— Если не ошибаюсь, так говорил перед стартом какой-то русский космонавт. — Наше согласие доставляло Анри явное удовольствие. — Так что посещение Диснейленда мы начнем с космического полета.
— Не какой-то, — пробормотала Настя, — первый в мире. Об этом почему-то склонны забывать.
— А что, разве первыми были не американцы?
— Представьте, русские.
— Знаю, знаю, — захохотал Анри. — Это я нарочно. Но только забывают об этом не «почему-то». На то ведь поставлены специальные люди, чтоб забывали. Это и есть, упрощенно говоря, моя профессия. И никто нас не знает — вот что по-настоящему обидно.

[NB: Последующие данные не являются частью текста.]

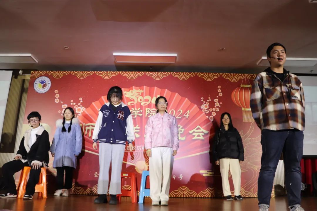 晚会现场还设置了动作接龙和猜歌游戏,同学们热情高涨,现场充满欢声笑语。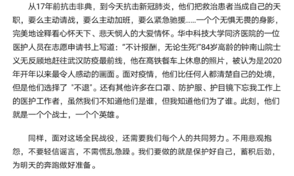 不敢忘,那个耄耋之年临危受命奋斗与疫情第一线的终南山院士,不敢忘,那些写下锵锵有力誓言的白衣天使们。班级的同学也为他们写下了寄语。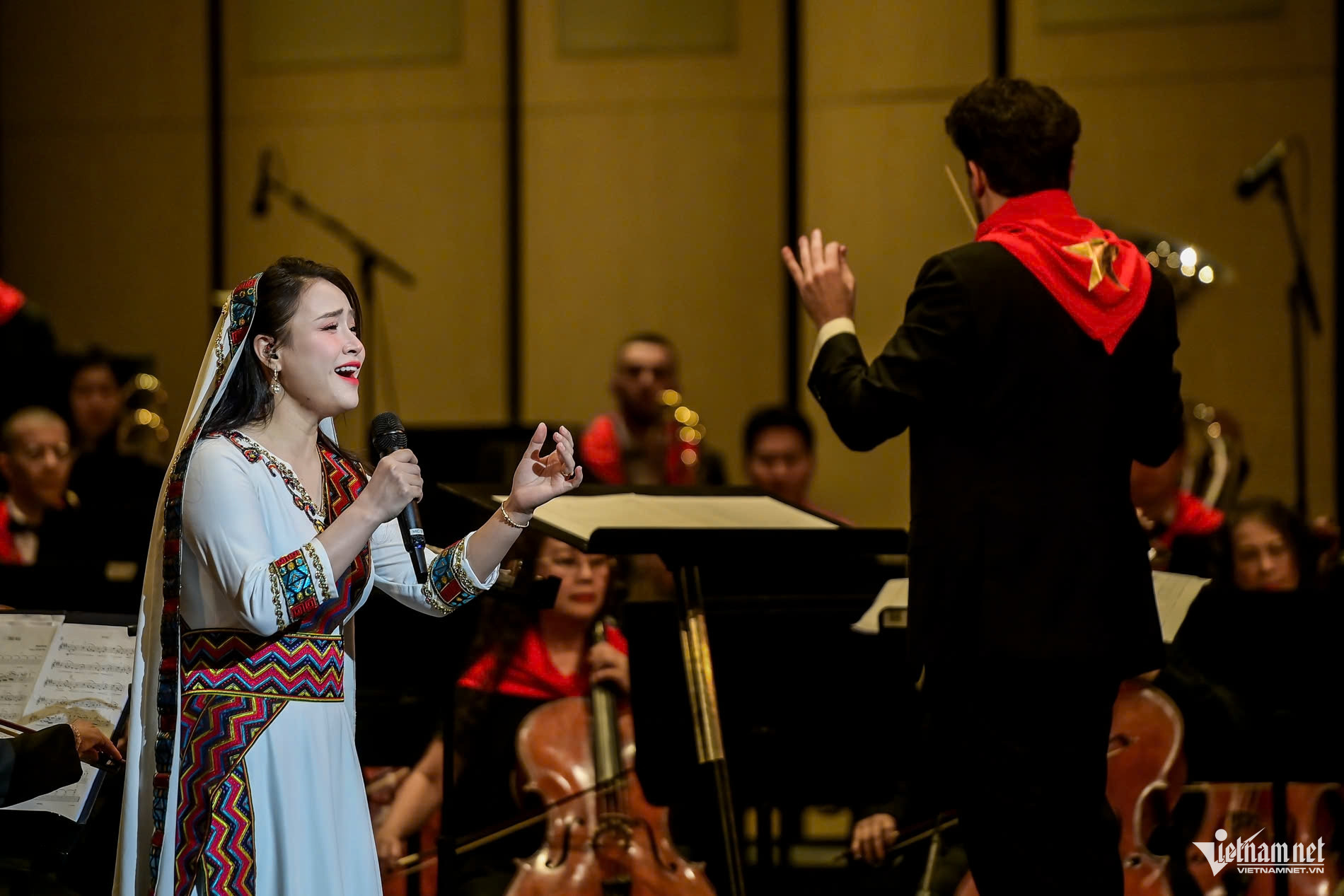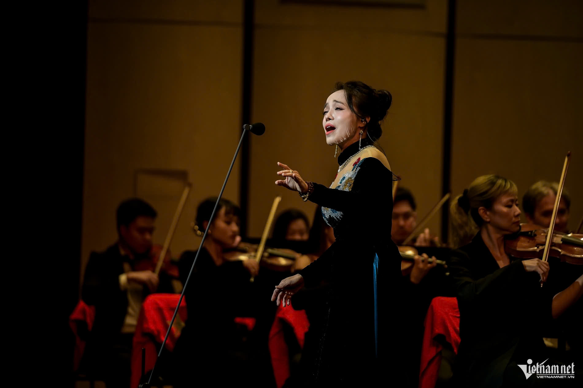 În același timp, controlul volumului exercitat de orchestra aproape pe tot parcursul timpului în care vocile au cântat a pus o presiune mare asupra vocii - dar tocmai în această provocare a strălucit artistul emerit Pham Khanh Ngoc.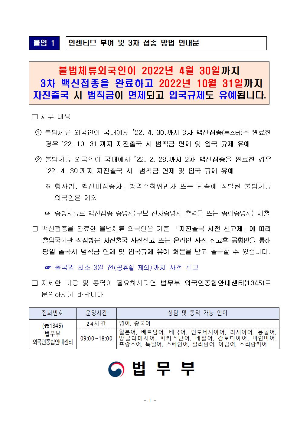 [공지] 국내 체류 외국인 대상 3차 접종 안내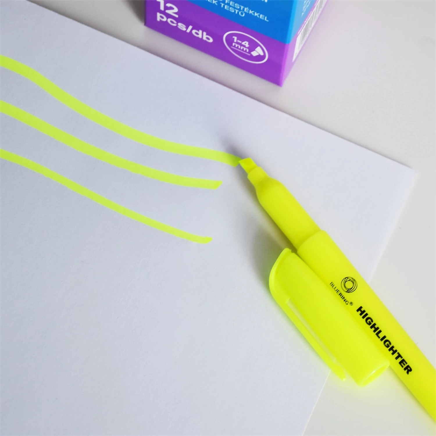 Speciális fluoreszkáló festékkel töltött kerek testű szövegkiemelő. A kiemelt szöveg fénymásolható,faxolható. Klippel ellátott kupak, mely légmentesen zár. Festék színével megegyező kupak és testszín. Vágott csúccsal, 4 féle élénk színben. Vonalvastagság: 1-2 mm (íróhegy élével), 3-4 mm (íróhegy lapjával). Katalóguskód: 12162 Hiteles tájékoztatás: Elkötelezettek vagyunk termékeink biztonságának garantálásáért, nyomon követjük a termékbiztonsággal kapcsolatos valamennyi európai uniós és hazai szabályozást és biztosítjuk termékeink azoknak történő megfelelését. Az EU 2023/988-as számú Általános Termékbiztonsági Rendeletét (GPSR) is alkalmazzuk, így ha a termékeink biztonságát illetően fogyasztóként kérdése, észrevétele van, vagy esetleg balesetről van tudomása, kérjük, írja meg nekünk. GPSR: Orink Hungary Kft.; H-1151 Budapest, Károlyi Sándor út 160.; info@orinkhungary.hu; https://orink.hu/

— Вам хочется славы? — спросил я его.
— Скорее — любви. — Он посмотрел на меня вчерашним грустным взглядом. — Любви и понимания. Может быть, уважения — называйте это как хотите. Если отбросить все романтические сопли, мы выполняем огромную работу. Да, мы не строим, не копаем, не пилим и не создаем ничего такого, что способно существовать в трех измерениях. — Анри набросал ладонью все три измерения. — Но ведь эти измерения — не более чем иллюзия. На самом же деле, все существует в головах, по преимуществу — не очень умных. Вот там мы и работаем. В определенном смысле проще первым полететь в космос, чем заставить потом забыть, кто именно это сделал. Кто здесь помнит вашего Юрия Гагарина? Отвечаю: никто. Все помнят только американцев и их лунный променад. Мы не способны влиять на факты, да и не пытаемся этого делать. Наша сфера-восприятие фактов. Так что любите меня и не стесняйтесь этого чувства.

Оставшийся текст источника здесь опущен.